1. Defines a Pulumi Kubernetes provider instance to connect to your Kubernetes cluster.
2. Creates a Kubernetes Deployment for the AI application.
3. Exposes the AI application through a Kubernetes Service of type `ClusterIP`.
4. Installs Flagger using a Helm chart.
5. Creates a Canary resource that defines the canary analysis parameters, such as the interval between analyses, the success rate threshold, and the maximum allowed request duration.

Remember that you need to have your Kubernetes configuration and access rights correctly set up for Pulumi to interact with your cluster. The `kubeconfig` value in the `k8s_provider` should point to the configuration file containing your cluster credentials.

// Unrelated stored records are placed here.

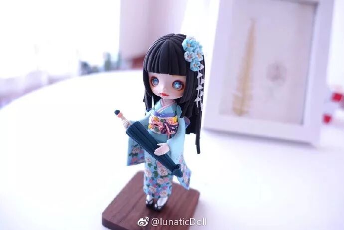 欣赏 蓝色和服MM粘土人偶
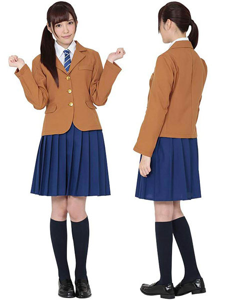 タイトなサイズ感とベージュのカラーが新鮮な制服っぽさ抜群の制服コスプレです。フロント部分の金ボタンは温かみのあるモカ色で、ブルーのストライプ柄のネクタイと相まって可愛らしさとかっこよさを見事に演出!スカート部分は明るめのネイビーカラーに膝上のプリーツスカートなので、学校制服の王道っぽさも兼ね添えています。ジャケット・スカート・ネクタイがセットになって、大変お買い得な制服コスチュームです!
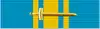 The medal is worn with a blue ribbon with a broad yellow stripe in the middle and one narrow on each side. On the ribbon there is an erect sword in gold or silver if the medal is awarded for actions in combat or during war-like situations. Instead of the medal, the service ribbon can be worn. It's provided with a horizontal sword of gold or silver if the medal awarded for actions in combat or during war-like situations.[2]

To access the AI application, you can use the DNS name of the service inside the cluster, which is exported at the end of the program. If your services are publicly accessible, you would typically deploy an Ingress resource to manage external access.

Before running this program, ensure you have the Pulumi CLI installed and configured with your desired Kubernetes context. You will also need to install the Pulumi Kubernetes and Helm providers.

Please replace `"dockerhub/your-ai-application:version1"` with the image URL of your actual AI application. If you have Prometheus installed separately, you can set `"install": False` under the Prometheus values.

Keep in mind that Flagger, Prometheus, and the deployment strategies are highly configurable, and you may need to adjust the configurations to suit your specific needs. The analysis, for example, should include metrics that are relevant to your AI application's health and performance.